Take the lines below from the one with "阜宁县养老智慧助餐系统开发及运维中标结果公告" through the one with "ウインドサーフィンのメッカ、" and print only them, exactly. Don't print the pictures.

─── INFORMATION PROVIDED

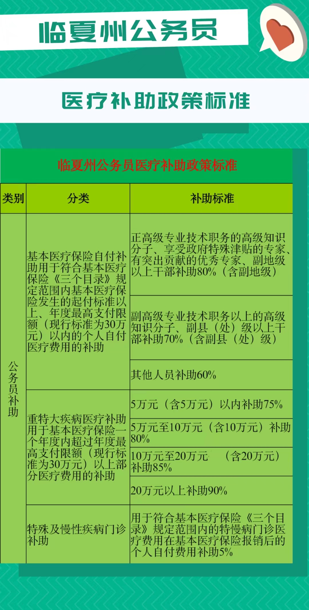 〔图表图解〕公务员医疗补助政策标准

──────
─── INFORMATION PROVIDED

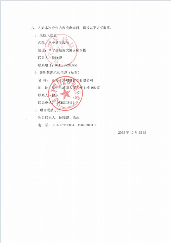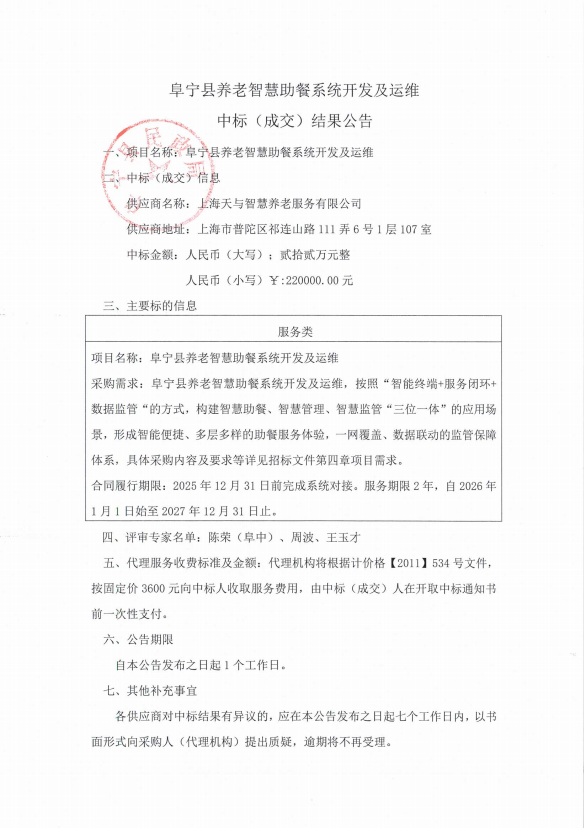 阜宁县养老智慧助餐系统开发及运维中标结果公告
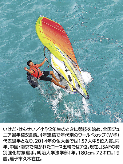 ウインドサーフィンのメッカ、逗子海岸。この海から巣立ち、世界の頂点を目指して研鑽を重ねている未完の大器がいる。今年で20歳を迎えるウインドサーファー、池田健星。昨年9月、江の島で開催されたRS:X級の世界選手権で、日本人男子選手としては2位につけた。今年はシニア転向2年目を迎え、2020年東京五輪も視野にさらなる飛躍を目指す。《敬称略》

──────
─── INFORMATION PROVIDED

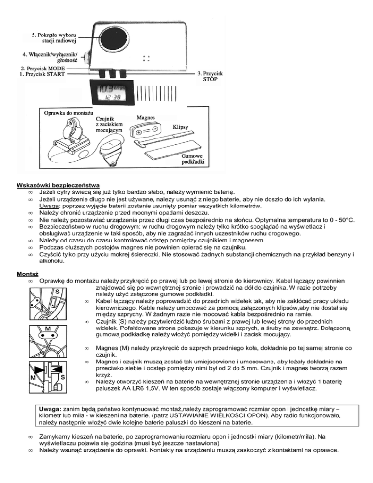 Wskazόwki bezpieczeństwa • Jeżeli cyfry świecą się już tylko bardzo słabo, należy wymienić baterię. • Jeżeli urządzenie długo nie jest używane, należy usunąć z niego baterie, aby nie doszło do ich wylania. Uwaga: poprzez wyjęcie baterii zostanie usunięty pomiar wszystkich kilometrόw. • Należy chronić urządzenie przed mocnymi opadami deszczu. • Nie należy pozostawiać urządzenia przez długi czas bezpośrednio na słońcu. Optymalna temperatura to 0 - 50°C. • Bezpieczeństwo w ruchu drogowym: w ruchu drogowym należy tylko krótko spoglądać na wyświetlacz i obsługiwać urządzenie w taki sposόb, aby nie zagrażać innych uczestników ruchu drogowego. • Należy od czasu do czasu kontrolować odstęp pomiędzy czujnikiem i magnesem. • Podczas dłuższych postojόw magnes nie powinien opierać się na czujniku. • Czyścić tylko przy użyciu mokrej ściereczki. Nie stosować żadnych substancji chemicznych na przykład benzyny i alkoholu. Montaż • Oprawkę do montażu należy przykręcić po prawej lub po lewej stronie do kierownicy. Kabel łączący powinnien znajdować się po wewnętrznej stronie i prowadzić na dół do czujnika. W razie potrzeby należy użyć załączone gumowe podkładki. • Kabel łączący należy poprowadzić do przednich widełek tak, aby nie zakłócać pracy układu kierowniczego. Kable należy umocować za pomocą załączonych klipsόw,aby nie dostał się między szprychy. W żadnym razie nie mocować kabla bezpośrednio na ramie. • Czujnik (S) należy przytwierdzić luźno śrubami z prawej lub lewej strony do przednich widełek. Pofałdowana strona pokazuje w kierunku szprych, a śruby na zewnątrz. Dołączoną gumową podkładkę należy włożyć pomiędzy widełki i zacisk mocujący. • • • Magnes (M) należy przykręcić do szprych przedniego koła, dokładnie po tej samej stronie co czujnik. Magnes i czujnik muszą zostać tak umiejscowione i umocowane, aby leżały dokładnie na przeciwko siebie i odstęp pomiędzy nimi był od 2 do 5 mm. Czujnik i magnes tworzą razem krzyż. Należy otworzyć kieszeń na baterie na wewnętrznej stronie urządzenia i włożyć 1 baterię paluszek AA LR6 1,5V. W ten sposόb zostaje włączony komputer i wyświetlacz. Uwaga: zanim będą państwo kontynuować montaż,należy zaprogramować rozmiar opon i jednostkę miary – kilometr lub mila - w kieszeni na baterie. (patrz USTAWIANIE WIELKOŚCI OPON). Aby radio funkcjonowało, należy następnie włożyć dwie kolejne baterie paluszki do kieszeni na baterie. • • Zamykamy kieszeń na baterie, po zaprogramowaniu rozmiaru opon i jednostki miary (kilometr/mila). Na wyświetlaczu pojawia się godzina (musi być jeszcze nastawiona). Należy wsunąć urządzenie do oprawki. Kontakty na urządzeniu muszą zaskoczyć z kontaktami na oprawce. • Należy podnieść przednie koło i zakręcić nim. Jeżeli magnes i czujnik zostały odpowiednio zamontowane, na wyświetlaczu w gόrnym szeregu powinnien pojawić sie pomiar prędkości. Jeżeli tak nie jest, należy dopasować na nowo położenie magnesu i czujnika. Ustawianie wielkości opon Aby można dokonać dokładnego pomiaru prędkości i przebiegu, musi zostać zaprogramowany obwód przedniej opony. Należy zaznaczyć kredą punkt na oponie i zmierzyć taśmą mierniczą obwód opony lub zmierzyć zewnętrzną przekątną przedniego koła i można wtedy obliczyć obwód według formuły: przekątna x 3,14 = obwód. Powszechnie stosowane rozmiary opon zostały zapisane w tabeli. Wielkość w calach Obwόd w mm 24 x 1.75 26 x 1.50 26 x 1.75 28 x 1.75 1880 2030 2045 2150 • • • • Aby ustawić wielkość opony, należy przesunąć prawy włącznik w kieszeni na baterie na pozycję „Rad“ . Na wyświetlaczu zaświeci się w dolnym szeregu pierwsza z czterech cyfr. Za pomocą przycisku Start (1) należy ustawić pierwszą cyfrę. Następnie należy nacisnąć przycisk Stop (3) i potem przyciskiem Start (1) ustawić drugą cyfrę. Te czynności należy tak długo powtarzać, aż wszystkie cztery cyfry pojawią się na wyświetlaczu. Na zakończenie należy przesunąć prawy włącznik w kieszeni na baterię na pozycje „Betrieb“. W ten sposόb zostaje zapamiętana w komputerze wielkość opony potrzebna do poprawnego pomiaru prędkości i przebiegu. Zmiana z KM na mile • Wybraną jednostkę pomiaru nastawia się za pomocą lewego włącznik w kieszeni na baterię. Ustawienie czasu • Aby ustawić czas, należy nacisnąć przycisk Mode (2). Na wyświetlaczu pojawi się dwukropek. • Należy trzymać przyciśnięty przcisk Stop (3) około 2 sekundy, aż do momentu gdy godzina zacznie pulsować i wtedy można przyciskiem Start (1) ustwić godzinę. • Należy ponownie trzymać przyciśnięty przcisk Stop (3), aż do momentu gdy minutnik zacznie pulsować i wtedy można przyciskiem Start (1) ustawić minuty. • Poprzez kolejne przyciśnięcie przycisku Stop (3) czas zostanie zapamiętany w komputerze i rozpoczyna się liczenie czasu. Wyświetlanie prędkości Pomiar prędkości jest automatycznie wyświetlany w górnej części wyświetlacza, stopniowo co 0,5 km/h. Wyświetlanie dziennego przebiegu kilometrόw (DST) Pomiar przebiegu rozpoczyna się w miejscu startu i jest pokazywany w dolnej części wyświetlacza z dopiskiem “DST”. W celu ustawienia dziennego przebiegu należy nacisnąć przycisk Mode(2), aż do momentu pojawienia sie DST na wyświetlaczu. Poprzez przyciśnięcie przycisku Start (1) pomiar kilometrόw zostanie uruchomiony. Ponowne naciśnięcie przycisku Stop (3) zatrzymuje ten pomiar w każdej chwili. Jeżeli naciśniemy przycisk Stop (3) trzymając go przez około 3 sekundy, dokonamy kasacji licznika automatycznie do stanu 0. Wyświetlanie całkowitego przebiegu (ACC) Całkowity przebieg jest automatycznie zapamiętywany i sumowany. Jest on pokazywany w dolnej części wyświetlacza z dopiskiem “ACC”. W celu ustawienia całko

──────

*RESPONSE FOR THIS EXERCISE*.
 阜宁县养老智慧助餐系统开发及运维中标结果公告
 ウインドサーフィンのメッカ、逗子海岸。この海から巣立ち、世界の頂点を目指して研鑽を重ねている未完の大器がいる。今年で20歳を迎えるウインドサーファー、池田健星。昨年9月、江の島で開催されたRS:X級の世界選手権で、日本人男子選手としては2位につけた。今年はシニア転向2年目を迎え、2020年東京五輪も視野にさらなる飛躍を目指す。《敬称略》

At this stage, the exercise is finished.